Primeira Unidade de Vida Apoiada nasce em Tábua

Folha do Centro - Primeira Unidade de Vida Apoiada nasce em Tábua

Centro Social e Paroquial de Midões e Fundação Octávio Maria de Oliveira dão as mãos para por em funcionamento resposta pioneira no concelho.

A Fundação Octávio Maria de Oliveira e o Centro Social e Paroquial de Midões assinaram um protocolo para a criação de uma nova valência social no concelho de Tábua, mais concretamente na freguesia de Vila Nova de Oliveirinha, onde se preparam para abrir uma valência social completamente inovadora. Trata-se de uma Unidade de Vida Apoiada e tem como principais destinatários utentes com doenças do foro psíquico e mental, que poderão frequentar a instituição em regime de lar ou apenas o fórum de atividades ocupacionais, construído no “meio” dos mais de quatro hectares da quinta, propriedade da Fundação.
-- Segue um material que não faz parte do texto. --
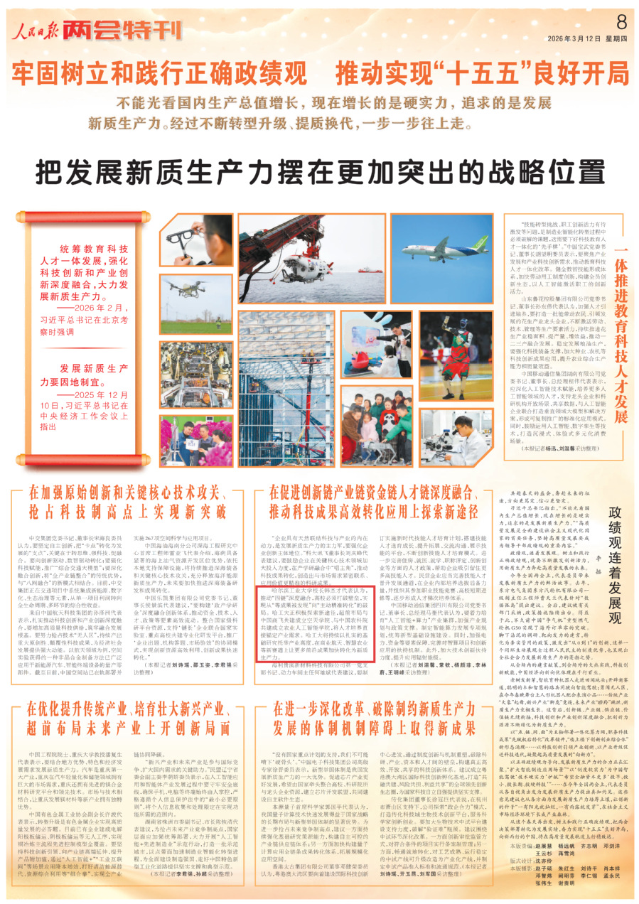 哈尔滨工业大学校长韩杰才代表认为,推动“四链”深度融合,高校必须打破壁垒,实现从“等成果被发现”向“主动精准转化”的破局。哈工大正积极探索新途径,超前布局与中国商飞共建成立空天学院、与中国农科院共建成立农业人工智能学院,将人才培养直接锚定产业需求。哈工大将持续以扎实的基础研究托举产业高度,在商业航天、智慧农业等新赛道上让更多前沿成果加快转化为新质生产力。

Além de vir preencher uma lacuna no concelho de Tábua em termos de resposta a este tipo de população, esta foi a forma encontrada pela Fundação de Vila Nova de Oliveirinha de rentabilizar o investimento feito há quatro anos na construção de dois módulos para acolher a valência de ATL para os mais novos da freguesia. Na altura, a “resistência” de algumas IPSS’s locais fez com que o projeto nunca tivesse andado para a frente, até que surgiu a oportunidade de avançar agora com uma nova resposta, através do Centro Social e Paroquial de Midões que “já tinha muitos clientes com estas necessidades”, nomeadamente doentes do foro psíquico que “não têm o apoio adequado”.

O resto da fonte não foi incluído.